How to complete this task:
Take the line containing "图3 (a) 2018年7月4日-7月7日强降雨过程中喀斯特槽谷坡面流δ13CDIC和水化学元素的变化特征;" through the last line of the data and retype those lines exactly. Pictures do not belong in the copy.

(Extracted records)
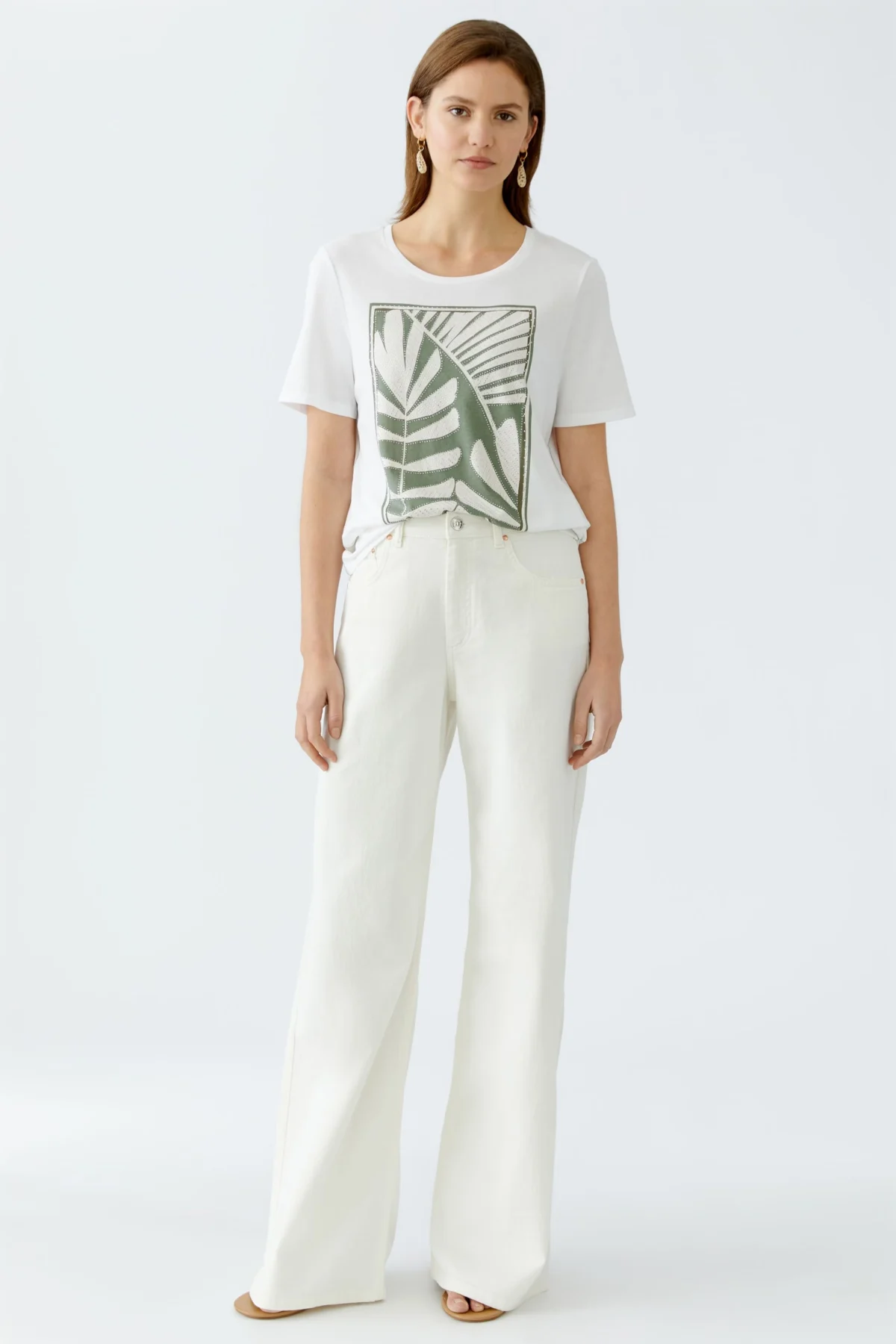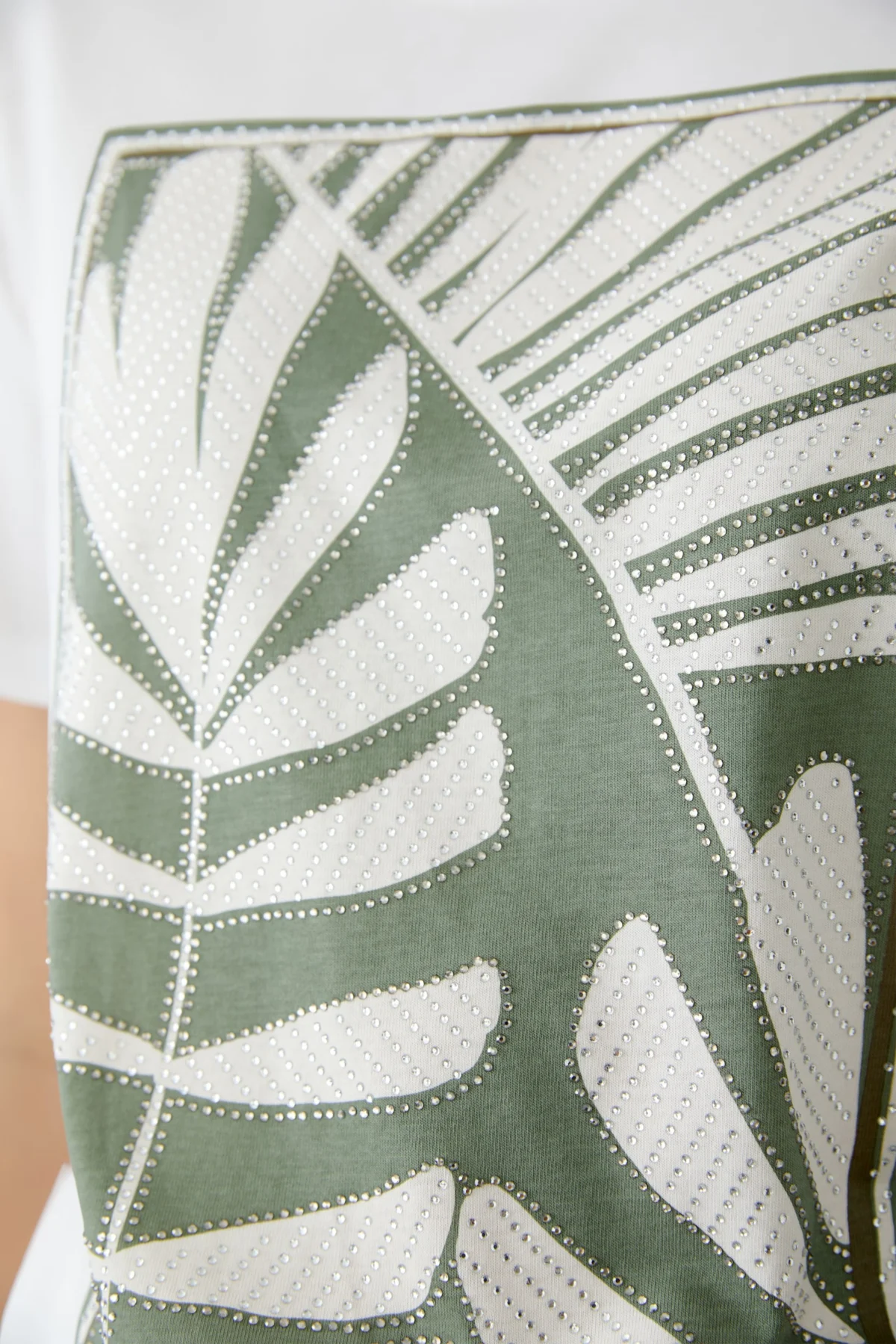 Футболка Oui с принтом в виде листьев, богато украшенная стразами, из органического хлопка с крупным рисунком на спине и мелким принтом на груди.
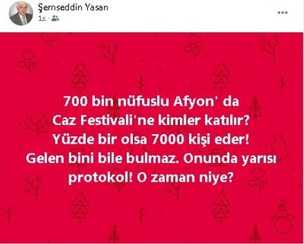 Festivale ilişkin sosyal medya hesabı üzerinden paylaşımlarda bulunan Yasan, "700 bin nüfuslu Afyon’da Caz Festivali’ne kimler katılır? Yüzde bir olsa 7 bin kişi eder. Gelen bini bile bulmaz. Onunda yarısı protokol. O zaman niye?” diye sordu.
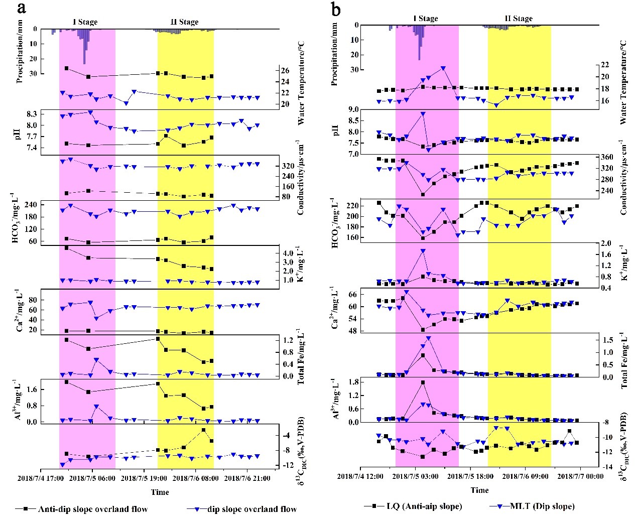 图3 (a) 2018年7月4日-7月7日强降雨过程中喀斯特槽谷坡面流δ13CDIC和水化学元素的变化特征; (b) 2018年7月4日-7月7日强降雨过程中喀斯特槽谷顺/逆坡地下水δ13CDIC和水化学元素的变化特征
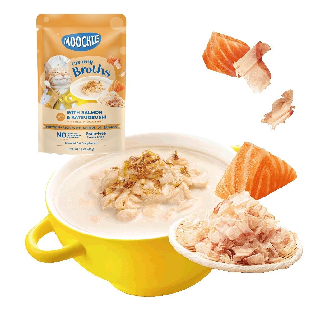 鮭魚+柴魚:鮪魚湯、鮭魚、柴魚、椰奶、木薯澱粉、甘胺酸、牛磺酸、磷酸三鈣、纖維素膠、瓜爾豆膠、黃原膠、維生素E。
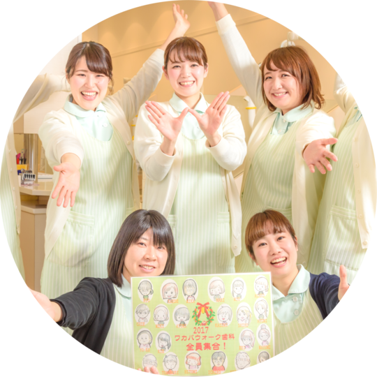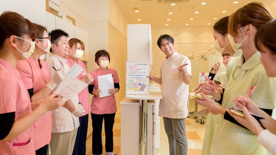 歯科医師も、歯科衛生士も、歯科助手も、お互いの仕事を認め合い、協力し合って診療を進めています。20代から50代まで、幅広い年代のスタッフが在籍していますが、みんな仲良く協力し合って仕事をしています。

Solution to the exercise:
 图3 (a) 2018年7月4日-7月7日强降雨过程中喀斯特槽谷坡面流δ13CDIC和水化学元素的变化特征; (b) 2018年7月4日-7月7日强降雨过程中喀斯特槽谷顺/逆坡地下水δ13CDIC和水化学元素的变化特征
 鮭魚+柴魚:鮪魚湯、鮭魚、柴魚、椰奶、木薯澱粉、甘胺酸、牛磺酸、磷酸三鈣、纖維素膠、瓜爾豆膠、黃原膠、維生素E。
 歯科医師も、歯科衛生士も、歯科助手も、お互いの仕事を認め合い、協力し合って診療を進めています。20代から50代まで、幅広い年代のスタッフが在籍していますが、みんな仲良く協力し合って仕事をしています。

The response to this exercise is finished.